To find the points of the two equations mentioned, you have to solve the two equations simultaneously.
$\begin{array}{l}\text{ Put }y=3x\text{ in }{y}^2=9x\\ \Rightarrow (3x{)}^2=9x\\ \Rightarrow 9x^2=9x\\ \Rightarrow x^2-x=0\\ \Rightarrow x(x-1)=0\\ \Rightarrow x=0\text{ and }x=1\end{array}$
We got the coordinates of x, to find the coordinates of y.
Put x = 1 and x = 0 in the equation of y = 3x.
It is found that y coordinates are y = 3 and y = 0, respectively.
Therefore, the point of interaction of parabola and straight line is (1, 3) and (0, 0)
Now, calculate the area enclosed between the parabola and the straight line.
For calculating the area, we have to subtract the area under the straight line which extends from x = 0 to x = 1 from the area under the parabola.
It can be written as,
Area between parabola and straight line = area under parabola – area under straight line …. (1)

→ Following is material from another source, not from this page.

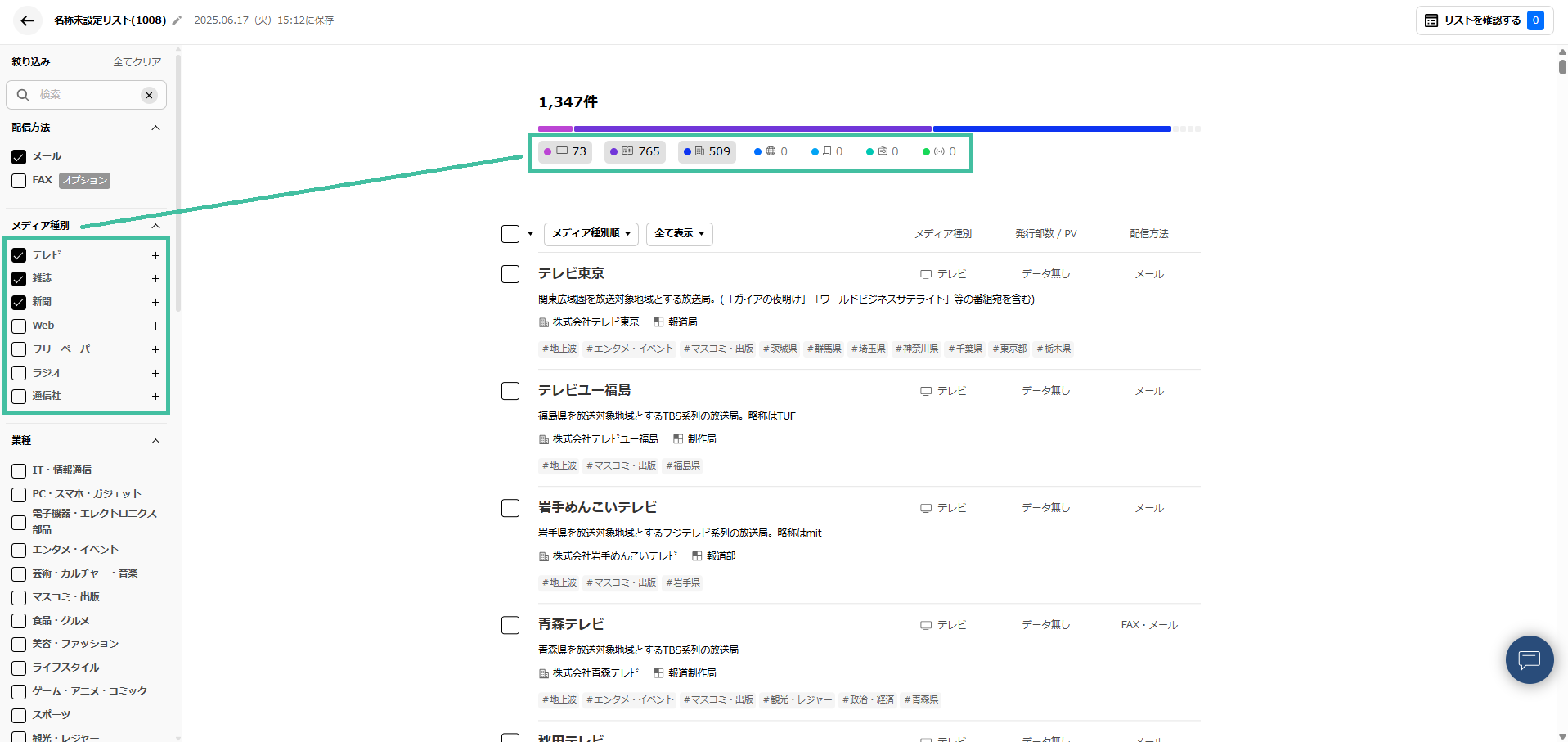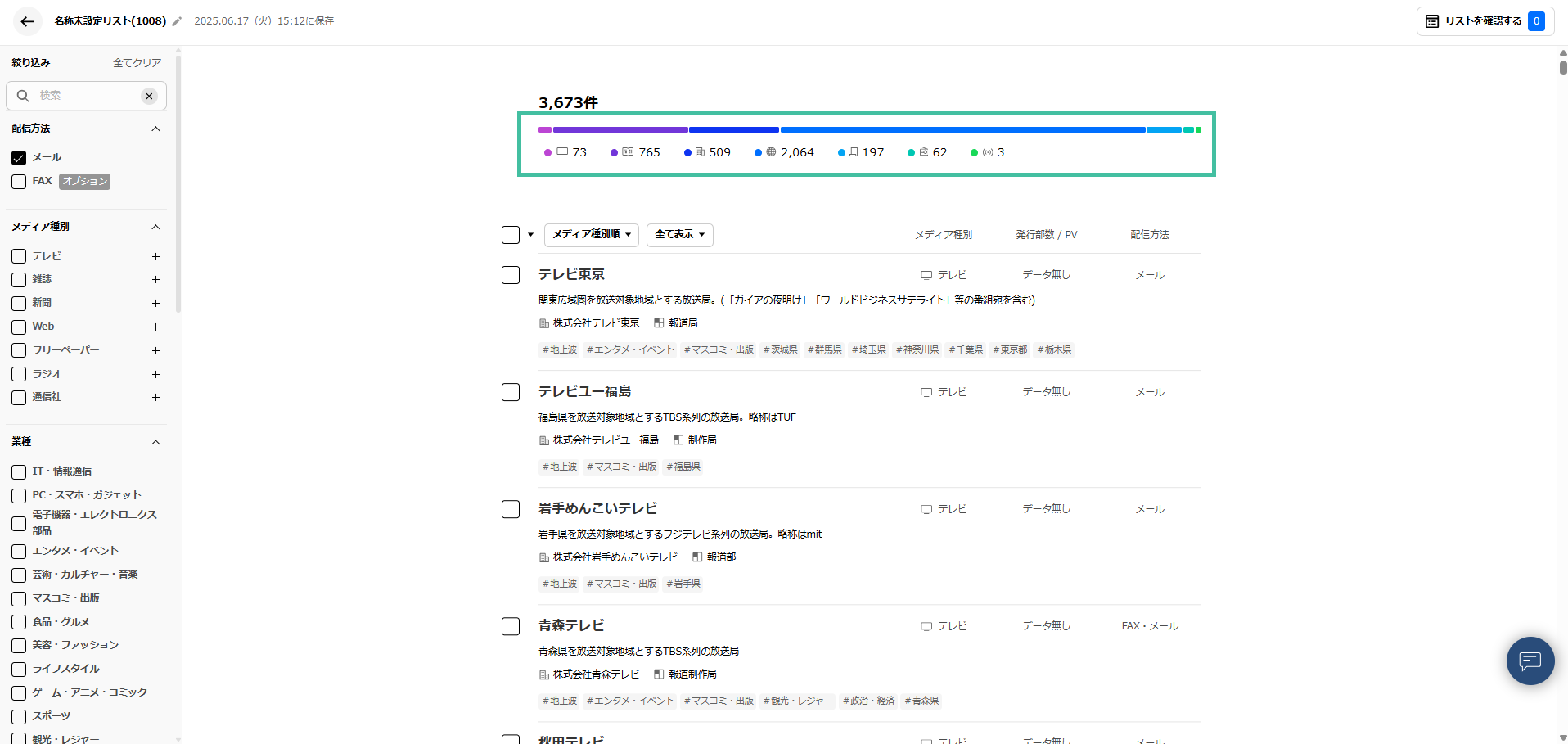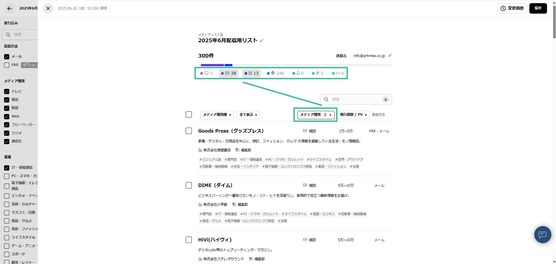 現在表示されているメディアの「メディア種別」(テレビ・雑誌・新聞・Web・フリーペーパー・ラジオ・通信社)の分布・比率を確認しながら、プレスリリース配信先のメディアをお選びいただく際に、ぜひご活用ください。

On calculating the area under the parabola,
$y^{2=}9x$
$\int y=3\sqrt{x}$
On integrating the above equation from 0 to 1
$$\begin{gathered} \Rightarrow {\int }_0^{1}ydx=3{\int }_0^1\sqrt{x}dx \\ \Rightarrow {\int }_0^{1}ydx=3{\int }_0^1{x}^{\frac{1}{2}}dx \\ \Rightarrow {\int }_0^{1}ydx=3{\left[\frac{x^{\frac{1}{2}+1}}{\frac{1}{2}+1}\right]}_0^1 \\ \Rightarrow {\int }_0^{1}ydx=3{\left[\frac{x^{\frac{3}{2}}}{\frac{3}{2}}\right]}_0^1 \end{gathered}$$
$$\begin{gathered} \Rightarrow {\int }_0^1\mathrm{y}\mathrm{dx}=3\frac{2}{3}{\left[{\mathrm{x}}^{\frac{3}{2}}\right]}_0^1 \\ \Rightarrow {\int }_0^1\mathrm{y}\mathrm{dx}=2[1^{\frac{3}{2}}-0] \\ \Rightarrow {\int }_0^1\mathrm{y}\mathrm{dx}=2 \end{gathered}$$
Now, for calculating the area under line y = 3x i.e. the area of triangle OAB
$\int y=3x$
On integrating the above equation from 0 to 1
$$\begin{gathered} \Rightarrow {\int }_0^1\mathrm{y}\mathrm{dx}={\int }_0^{1}3\mathrm{xdx} \\ \Rightarrow {\int }_0^1\mathrm{y}\mathrm{dx}=3{\left[\frac{{\mathrm{x}}^2}{2}\right]}_0^1 \\ \Rightarrow {\int }_0^1\mathrm{y}\mathrm{dx}=3(\frac{1^2}{2}-0) \\ \Rightarrow {\int }_0^1\mathrm{y}\mathrm{dx}=\frac{3}{2} \end{gathered}$$

Using the equation mentioned above (1)
area between parabola and straight line $=2-\frac{3}{2}=1/2uni{t}^2$
Therefore,
It is found that the area was 1/2 unit² between the curves $y^2=9xandy=3x.$

Question:2

Find the area of the region bounded by the parabola $y^2=2px,x^2=2py$

Answer:

The equation of the parabola is $y^2=2px$, which shows no negative values for x. Therefore, the graph will be on the right of the Y-axis and will pass through (0, 0)
Similarly, for equations $x^2=2py$, there are no negative values for y, therefore, the graph will be above the X axis passing through (0, 0).
To find a point of interaction, let us solve the equations simultaneously.
$$\begin{gathered} \text{ Put }y=\frac{x^2}{2p}\text{ in }{y}^2=2px \\ \Rightarrow {\left(\frac{x^2}{2p}\right)}^2=2px \\ \Rightarrow \frac{x^4}{4p^2}=2px \\ \Rightarrow x^4=8p^{3}x \\ \Rightarrow x^3=8p^3 \end{gathered}$$
$$\begin{gathered} \Rightarrow x=2p \\ \text{ Put }x=2p\text{ in }{y}^2=2px \\ \Rightarrow y^2=2p(2p) \\ \Rightarrow y=2p \end{gathered}$$
The interaction point was found to be (2p, 2p)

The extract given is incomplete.